**Description of the task:**
All lines from the one containing "Building all 32" through the final line of the records below should be reproduced exactly, with the pictures left out.

+===+

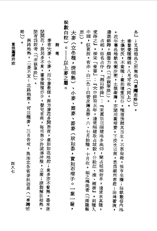 嬰兒有疾用麪少許滾湯沖服立癒,麥也能解肌袪熱 重修臺灣府志卷十七 台灣文獻史料叢刊 -
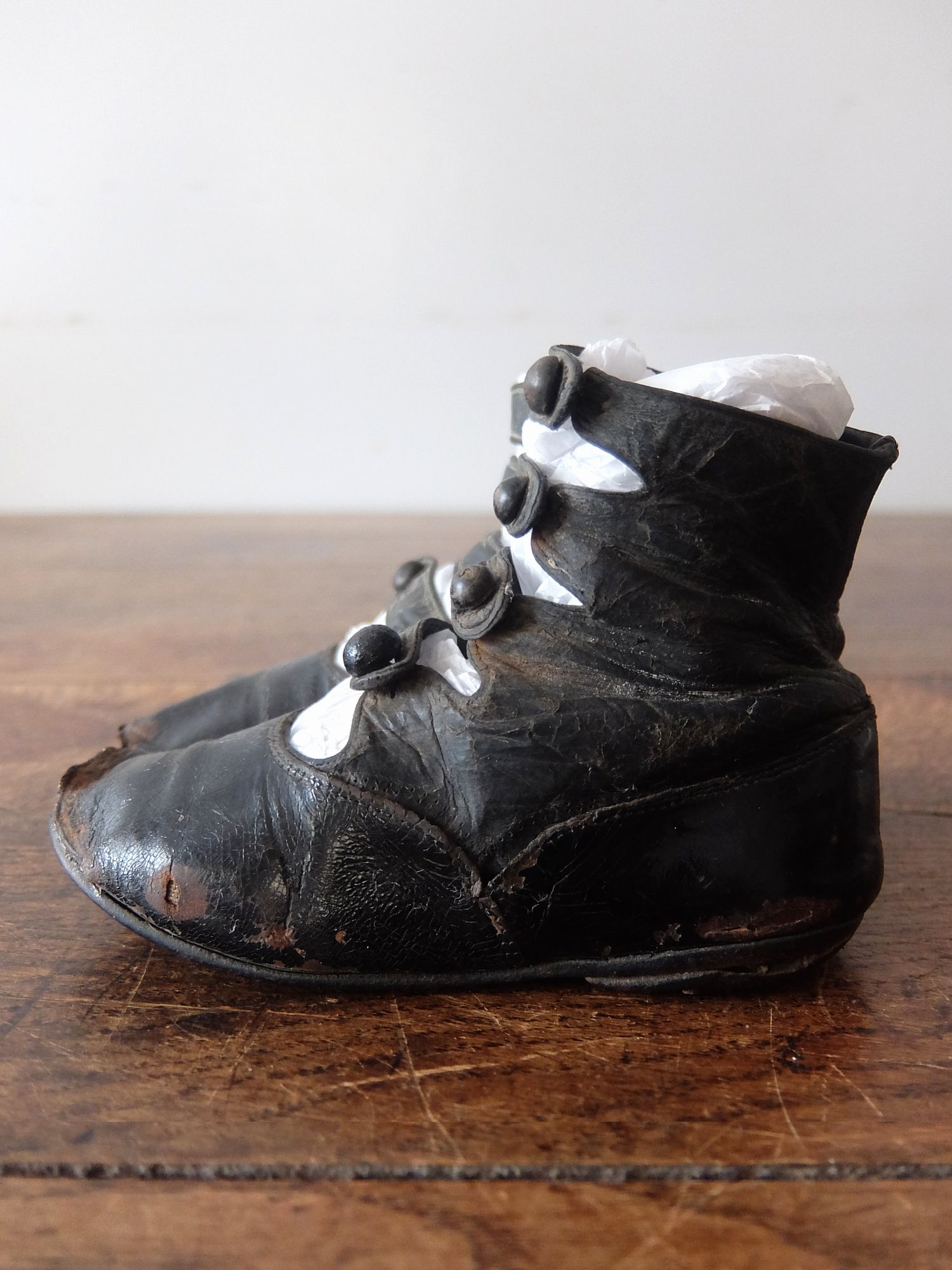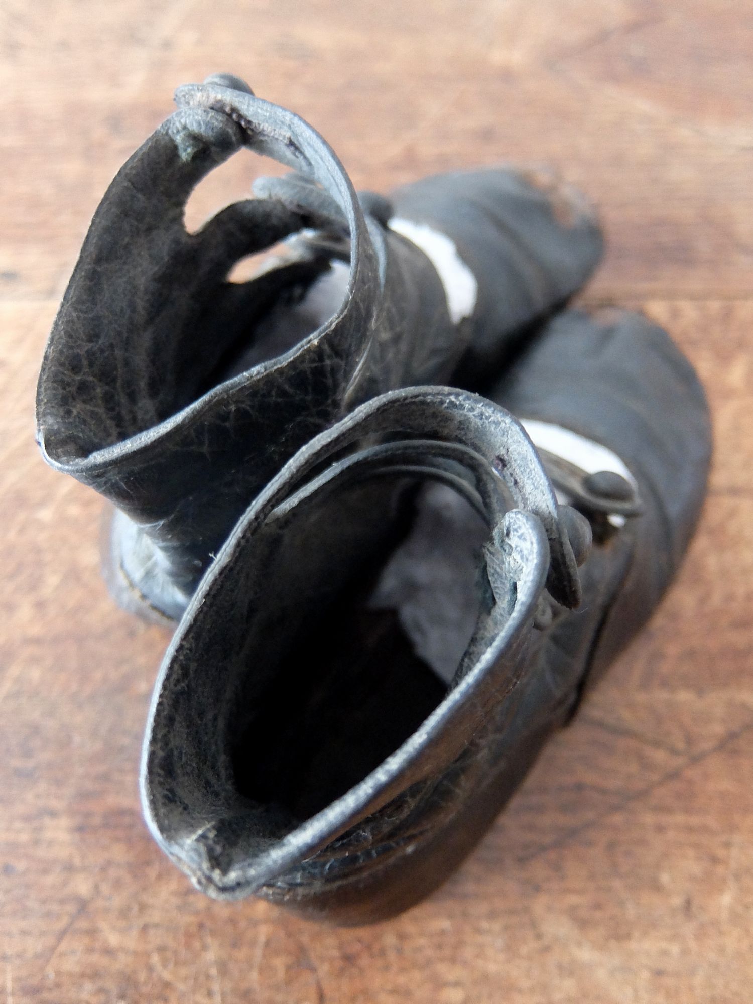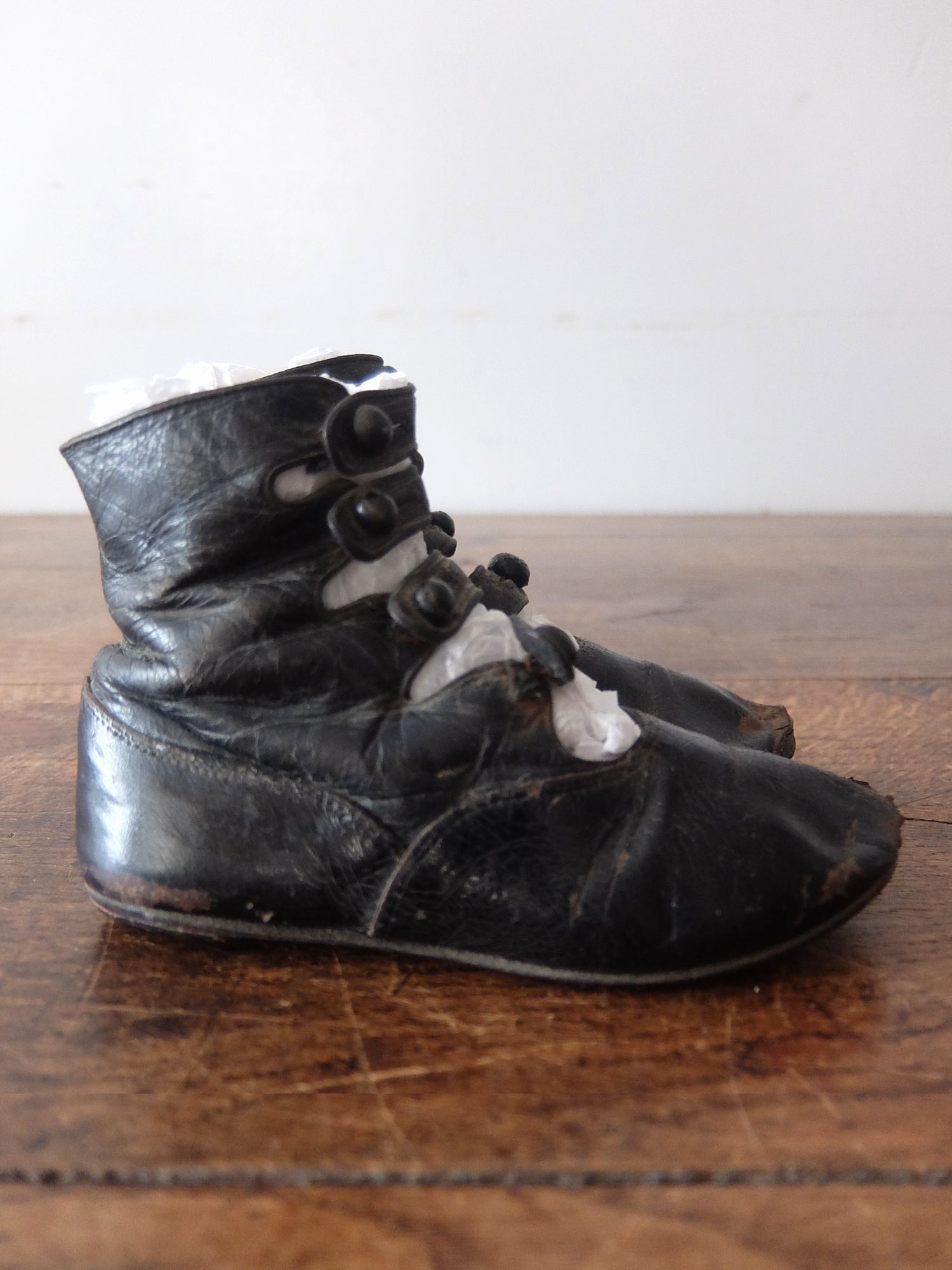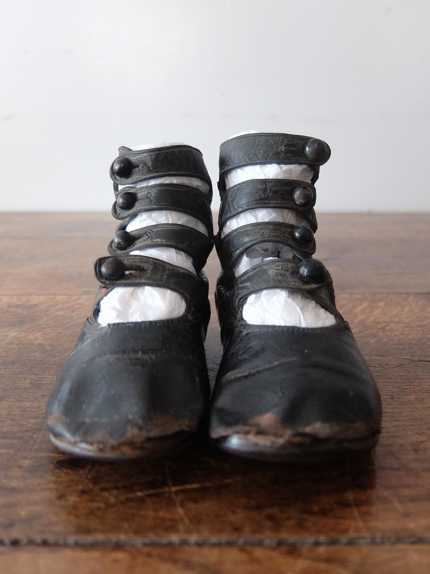 使い込まれた革の雰囲気が魅力的な子供用/人形用のヴィクトリアンベビーシューズ
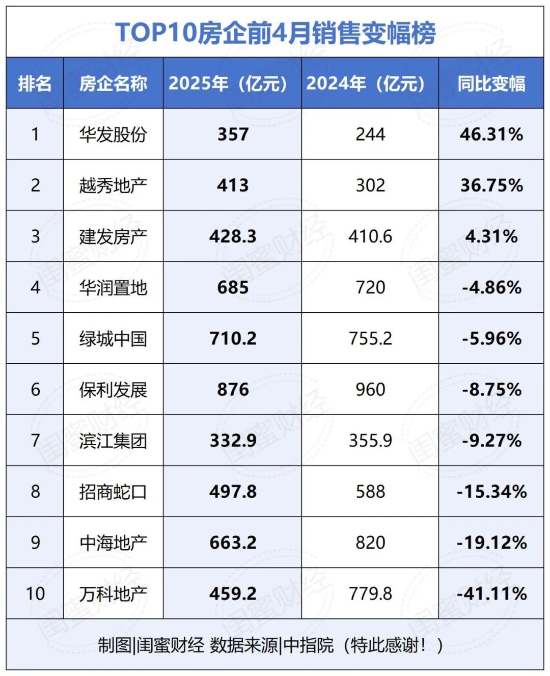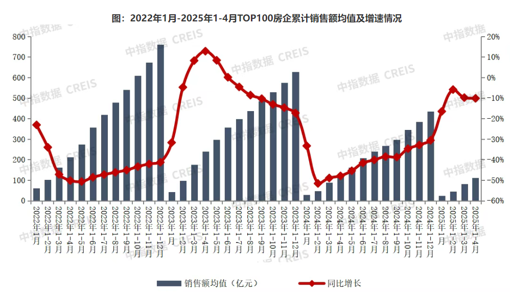 随着4月落幕,5月各大房企的销售数据榜单也已经披露。根据中指院数据,2025年前4月,TOP100房企销售总额11198.6亿元,同比下降10.2%,降幅较1-3月基本持平。4月单月,TOP100房企销售额同比下降16.9%,较3月单月降幅有所扩大。
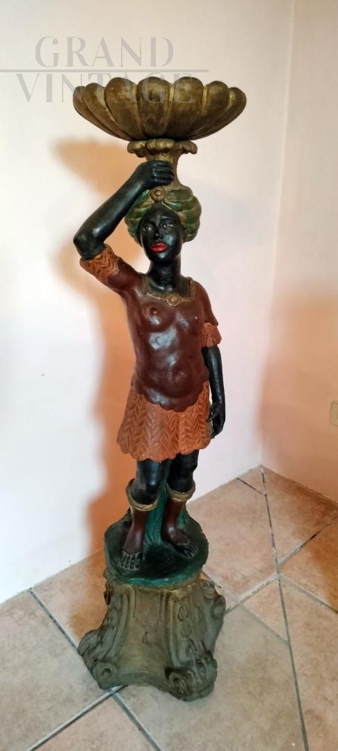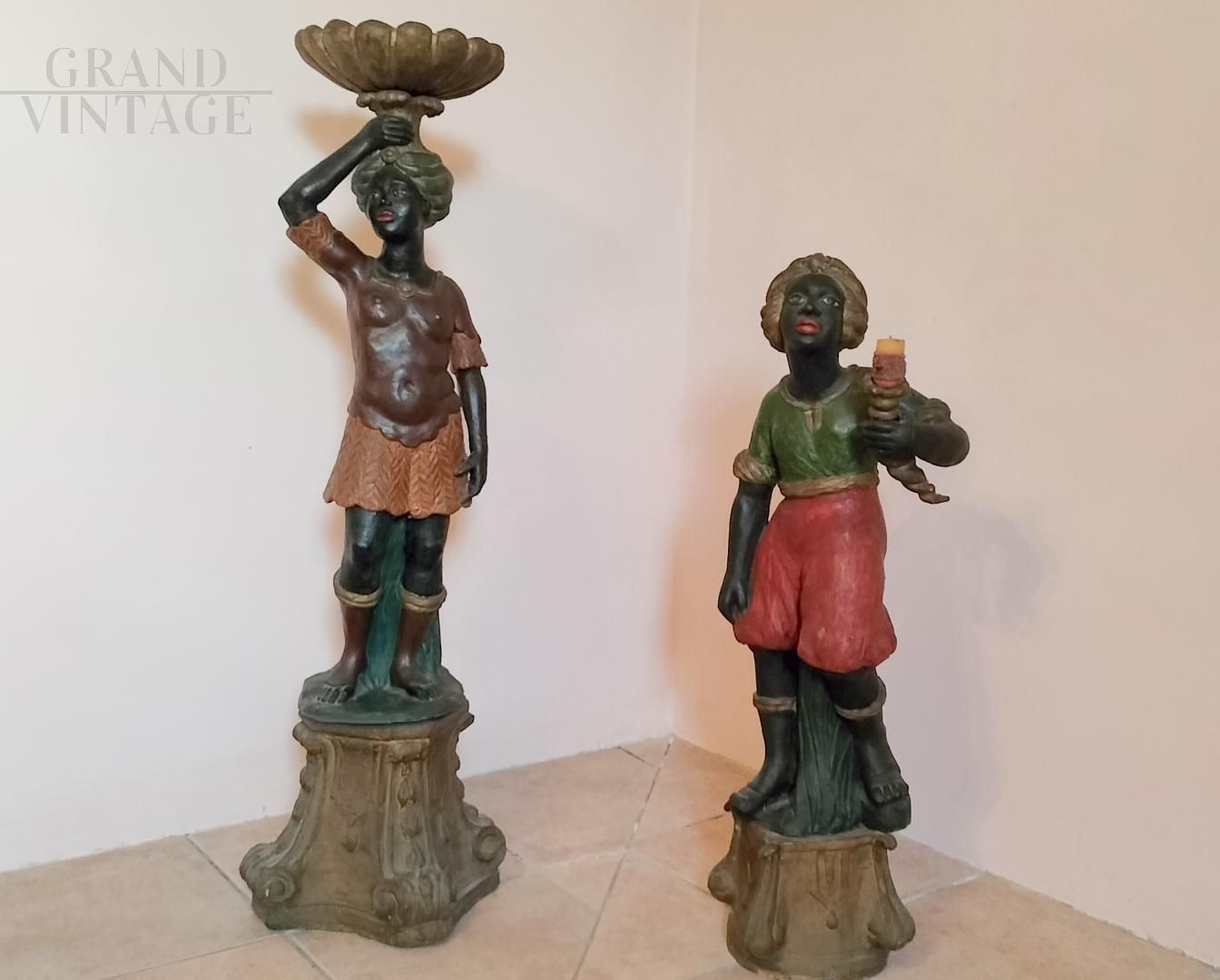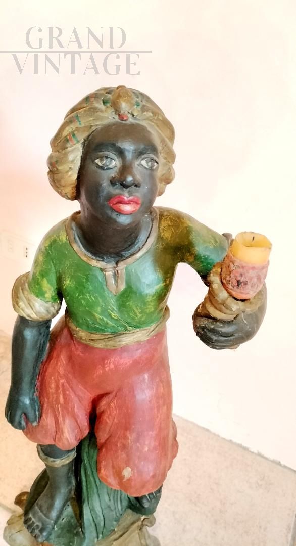 Pair of rare ancient sculptures of Venetian Moors in polychrome terracotta from the 17th century, one figure wears a turban and a fruit or flower vase, the other smaller one holds a candle holder, both on a shaped support with a tree trunk, leaning on the relative supports . Excellent state of preservation, without defects or firing defects, unrestored.
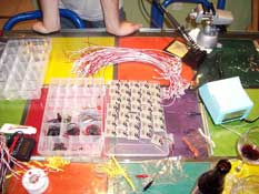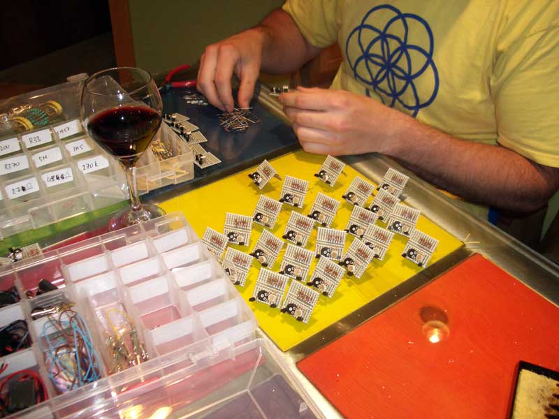 Building all 32 (+ spares) electronics kits took quite a bit of time. This work is usually done by robot nowadays: and after a full weekend of soldering, we all knew why!
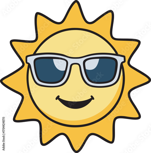Cool smiling sun character wearing sunglasses bright yellow warm summer day
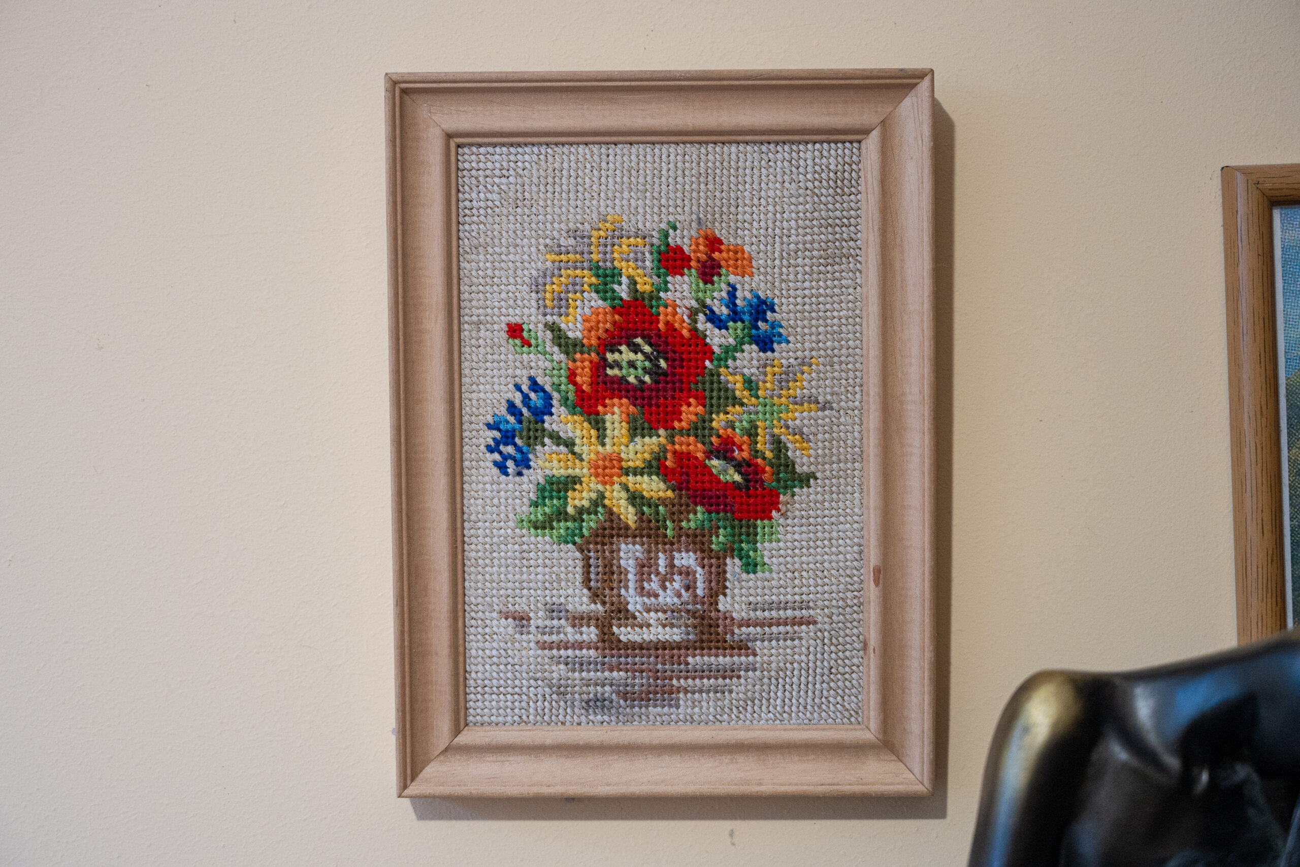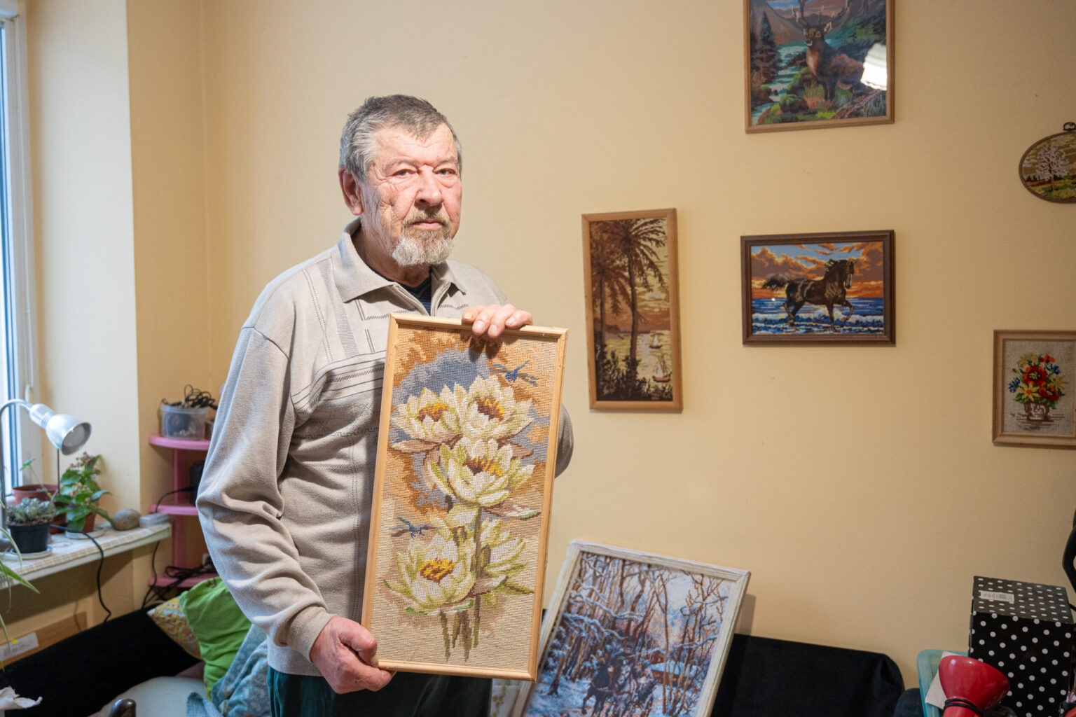 Anksčiau išsiuvinėtus darbus jis įrėmindavo į savo pagamintus rėmus. Dabar rėmus perka, nors ir šie – nepigūs.

+===+

**Reply:**
 Building all 32 (+ spares) electronics kits took quite a bit of time. This work is usually done by robot nowadays: and after a full weekend of soldering, we all knew why!
Cool smiling sun character wearing sunglasses bright yellow warm summer day
 Anksčiau išsiuvinėtus darbus jis įrėmindavo į savo pagamintus rėmus. Dabar rėmus perka, nors ir šie – nepigūs.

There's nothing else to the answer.